It is exceedingly unlikely that the outcome of this thread is that someone will take it upon themselves to put a fast btree implementation on CPAN which meets all your requirements.
Seriously! I mean you'd need someone with XS expertise who also happens to know about Red/Black trees, and who reads this forum. And unless you're paying them it would need to be a weird masochist who actually enjoys XS, or maybe someone who finds systems-level work cathartic after a long multi-week stretch of web-app tedium. Or maybe if they just really love the Red/Black algorithm and had their own Red/Black implementation in C that they've been porting from project to project since college. Maybe if they had finished a big refactor of the code a few months ago but hadn't gotten to use it in a project yet, that could be enough motivation.
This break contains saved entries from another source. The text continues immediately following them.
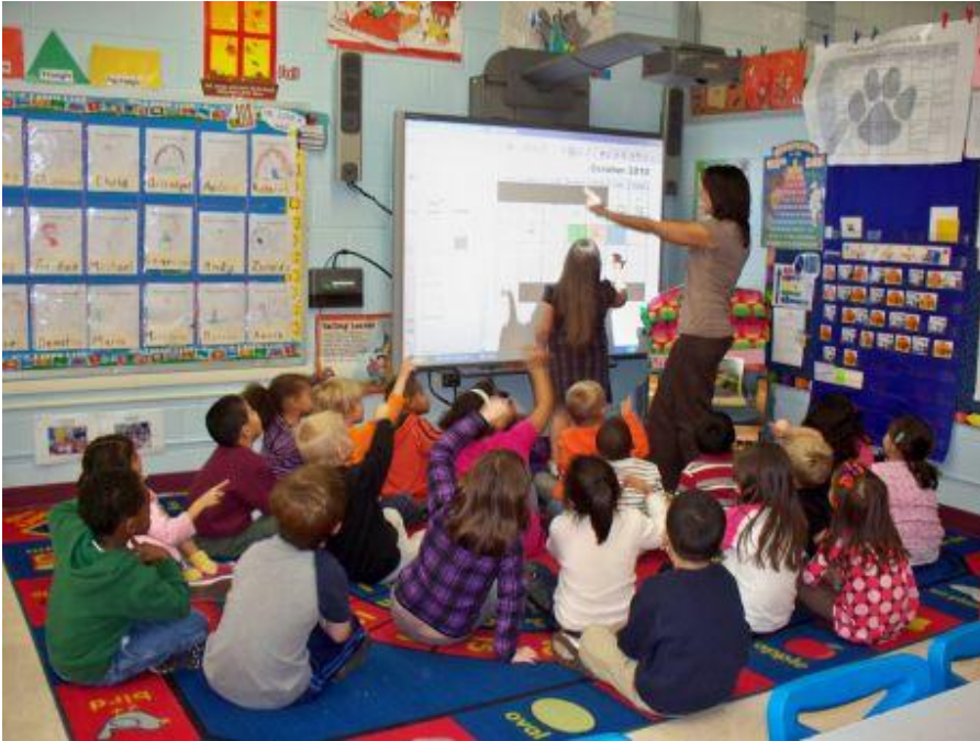
(“American Education History and Reform.”)
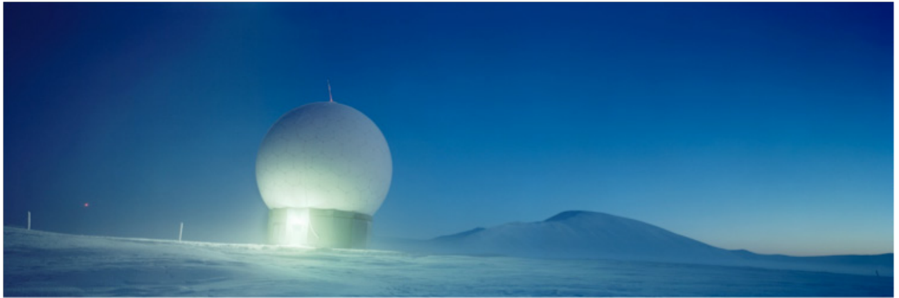
DUSK Svalbard, 2003
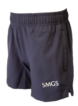
Sport Shorts (Compulsory)
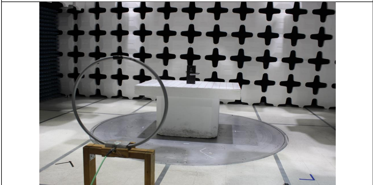
Radiated Emission Test Below 30MHz Rear View
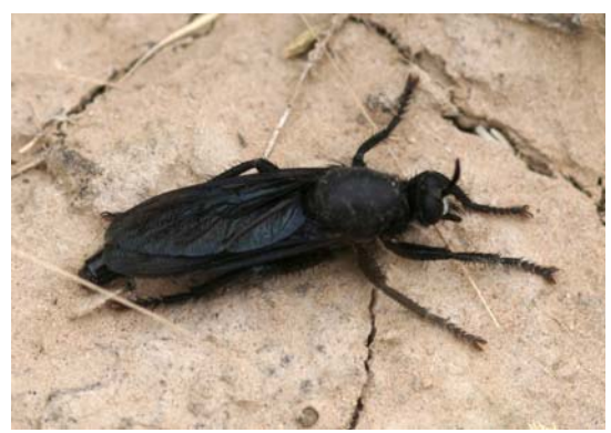
Ospriocerus minos, female/

The tip of the abdomen on females tapers to a fine point and is used to insert eggs into soil cracks or other sites where their young develop. Larvae of robber flies dwell in the soil or decaying wood and are predators, but the ecology of the immature stages is poorly known. The abdomen of male robber flies is tipped with bulbous claspers used for grasping females during mating and paired robber flies may be commonly seen.
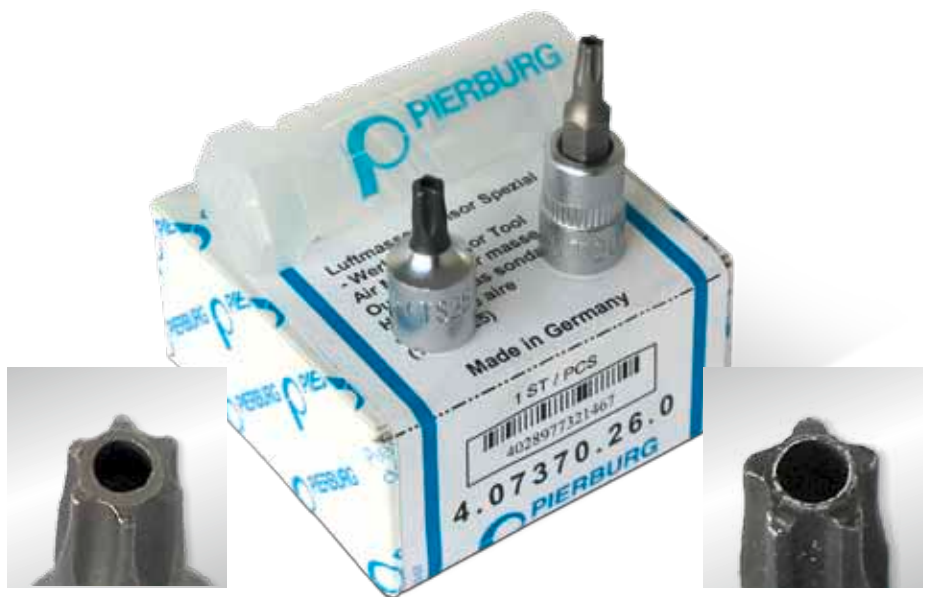
Insert bit T 20 (6 star pattern, Torx®) with face bore

The replacement of standard air mass sensors is hampered through the use of special screws. For such repairs Motor Service is offering a new special toolkit consisting of two insert bits. These special screws feature a solid post located at the centre of the five star, respectively six star pattern of the screw. Owing to the bore on the face side of the insert bits, these special screws can be unscrewed. The two tools are 1/4-in. insert bits of proven MSI quality which will fit all commercially available 1/4-in. ratchets or socket wrenches.
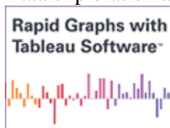
Tableau Training- live, hands-on by author of “Rapid Graphs”. Freakalytics.com

Data exploration and visual analytics in an easy-to-use analysis tool. Tableau Software .
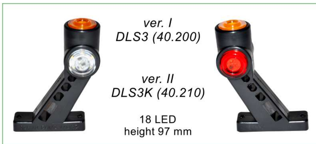
ver. I DLS3 (40.200)

Congratulations, the stars aligned.
Here's your module. Tree-RB-XS-0.00_01.tar.gz
(not visible on metacpan.org yet)
You get the distinct privilege of reporting the first bugs in a recently-refactored pointer-math-heavy C library wrapped with some creative new XS ideas.
Update: I added a new KEY_TYPE_BSTR that copies the keys from Perl into plain buffers, and uses memcmp on them. It's a good percentage faster at the expense of incorrect unicode sorting. It's useful if your strings are ASCII.
Update: I finished off most of the Tree::RB API, polished up the documentation, and gave it an official release. It also now has custom XS compare functions to choose from, such as CMP_NUMSPLIT, which can handle the fairly common scenario of a mixture of numbers and strings in the key.